LG Corp, the holding company of LG Group, said on Friday it will cancel its own shares worth 500 billion won ($356.8 million) by 2026 as part of a corporate value enhancement programme.
The company will cancel approximately 6.1 million treasury stocks, repurchased in June under its 2022 buyback programme, by 2026, according to LG Corp.’s value-up plan.
The plan also includes a semi-annual dividend payment program starting next year, reflecting a stronger focus on shareholder returns, reports Yonhap news agency.
To drive profitability, LG Corp. plans to concentrate investments on future growth engines, such as artificial intelligence, biotechnology and clean technologies.
At the same time, four LG Group affiliates — LG Display Co., LG Innotek Co., LG Chem and LG Energy Solution — also announced their own value-up programmes to develop new businesses and bolster financial health.
LG Display, a flat screen supplier to Apple Inc., aims to achieve a turnaround in operating profit next year by focusing on high-end OLED technology and implementing cost-saving measures. The company posted 643.7 billion won in operating losses for the first nine months of the year.

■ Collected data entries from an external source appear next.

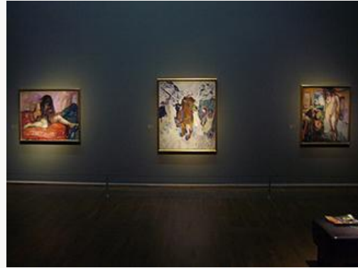
Fig. 4, Installation view of second room with Munch paintings: Weeping Nude , 1913-1914 (left), Galloping Horse , 1910-1912.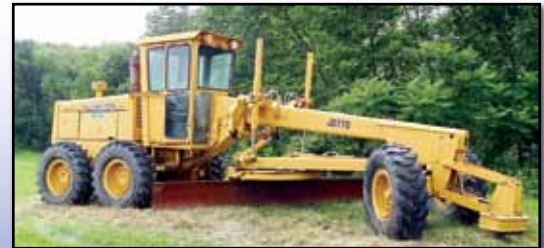
JOHN DEERE 770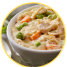
JAN. 22 Chicken ala King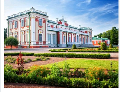
Kadriorg Palace and Park 20 min

The Dome Church is one of the oldest churches of Tallinn. The church looks very simple with the white walls and small dome, but it has the very long history. It was first mentioned in 1233 and since than it has been one of town's main temples. It's dedicated to Virgin Mary.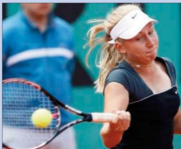
Daria Gavrilova (RUS)

LG Innotek, an electronic component manufacturing affiliate, targets 8 trillion won in sales from new businesses, including vehicle parts and semiconductor substrates.
Leading chemicals maker LG Chem plans to reach 50 trillion won in sales by 2030, with a focus on new sectors, including pharmaceuticals and sustainability-related businesses.
EV battery giant LG Energy Solution said it aims to double its 2022 sales of 33.7 trillion won by 2028 through customer diversification in electric vehicles (EVs) and expansion into non-EV business sectors.